This morning, Kurt went into Sophia’s room, as he always does, to wake her up. She doesn’t like to be woken up and this goes better for all involved if it’s a gradual process. So as a first step he goes in and turns on the bathroom light and perhaps says something to her in a quiet voice. Five or ten minutes later he comes in and turns on her bedroom light, and if she seems ready begins to change and dress her, or else just speaks to her a little more. He tells her it’s time to get up and that sleep time is over and so forth. This morning he’d followed all those steps and she was wailing that she didn’t want to get up, so he left her for another couple mintues with all the lights on. On his return, he discovered that she’d climbed out of bed, turned off her bedroom light and gotten back into bed. This astonishes me and makes me giggle. She was determined not to get up.

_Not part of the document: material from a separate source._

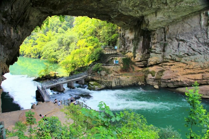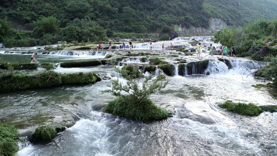 響水瀑布洛江灘頭,河水奔流而下,其聲隆隆,遠聞若雷,近聞似鼓,四季如此,故此得名“響水”。此響水灘為典型的喀斯特地貌,水流呈階梯狀分布,在地質學上稱為邊石壩,所含成份多為鈣化石?膳c九寨溝五彩池比美。

This was all possible due to the fact that last week Sophia started using a big girl’s bed, which she can climb into and out of by herself. We bought two mattresses, in anticipation of getting a bunk bed a couple of years down the road, and stacked them and lo! bed. We had looked at several children’s beds, and it just seemed like they were too tall for her. Sophia is not exactly physically adventurous and she is easily intimidated by having to climb. We wanted her bed to be a comforting and comfortable place. It worked beyond our wildest expectations. She loves her bed. Every time she walks into her room she shouts “Look! It’s Sophia’s big girl’s bed,” takes a running start and then leaps up onto it. She tells me “C’mon, mama, let’s get on Sophia’s big girl’s bed!” and I go over there and join her. She starts jumping up and down excitedly. For a couple of days she kept telling Kurt and myself to jump up and down on it as well, but we insisted to her that we were too big to jump on her bed, so now she says “Mama jump on the bed!” followed by a sly smile and, “Naaaaaaaaah, it’s too big for mama!”

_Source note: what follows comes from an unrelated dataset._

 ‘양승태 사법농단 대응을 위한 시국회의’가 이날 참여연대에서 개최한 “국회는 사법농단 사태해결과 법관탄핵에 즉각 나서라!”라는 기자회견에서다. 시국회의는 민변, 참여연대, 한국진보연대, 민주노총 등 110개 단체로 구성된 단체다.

Part of what made moving her to a regular bed so easy is that while she was at Kurt’s parents over Christmas she slept in a regular bed with Kelly every night. She loved that and was so proud of herself for sleeping in a big bed and we celebrated it, of course.
The first weekend she slept in the bed (we set it up her for on Thursday night of last week), she fell out of it, but since it’s just two mattresses and the floor is not far, she didn’t really hurt herself. Kurt went in to see about her because she was crying. She said she’d fallen out and Kurt asked her if she wanted him to put her back in the bed and she said yes. She’d walked around to the end of the bed where her stepstool was, so he thinks maybe she was in the process of climbing back in by herself when he came in (not that she needs the stepstool to get on it, she just uses it sometimes when she’s not feeling as confident). She went right back into the bed and right back to sleep, so the inevitable fall has already come and no trauma resulted. We are pleased that she has done so well and that no railings or anything appear to be needed.

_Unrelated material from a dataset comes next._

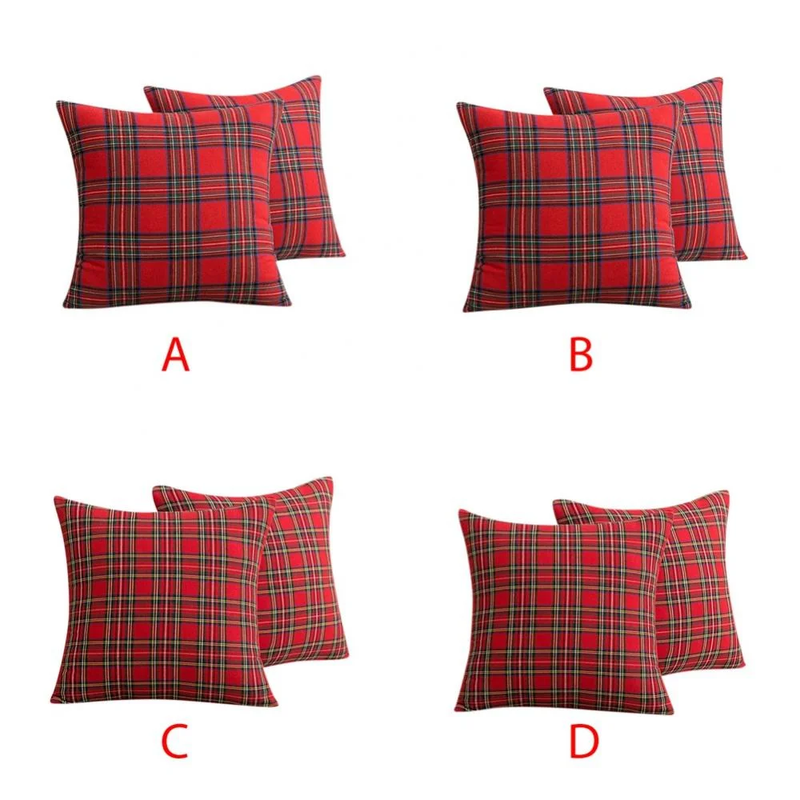 2 Pack Christmas Plaid Decorative Throw Pillow Covers Scottish Tartan Cushion Ca

This past weekend we were treated to Sophia coming into our room as soon as she’d woken up. In the past she has just called to us or started talking or even just lain quietly until we’ve gone to get her out of the crib. It’s really sweet to see her come running in, carrying one of her animals. On one of the days she climbed into bed with me and snuggled up to me. She told me she’d slept in her big girl bed. I asked her if she liked it and she said she had. She put her feet up against my skin and I told her that her feet were cold. She told me yes, because she’d been playing in the snow, and that then she’d seen rudolph the red-nosed reindeer at grandma’s. I think she must have been retelling her dreams to me, which I find really exciting. I can’t wait to hear more of her night time adventures.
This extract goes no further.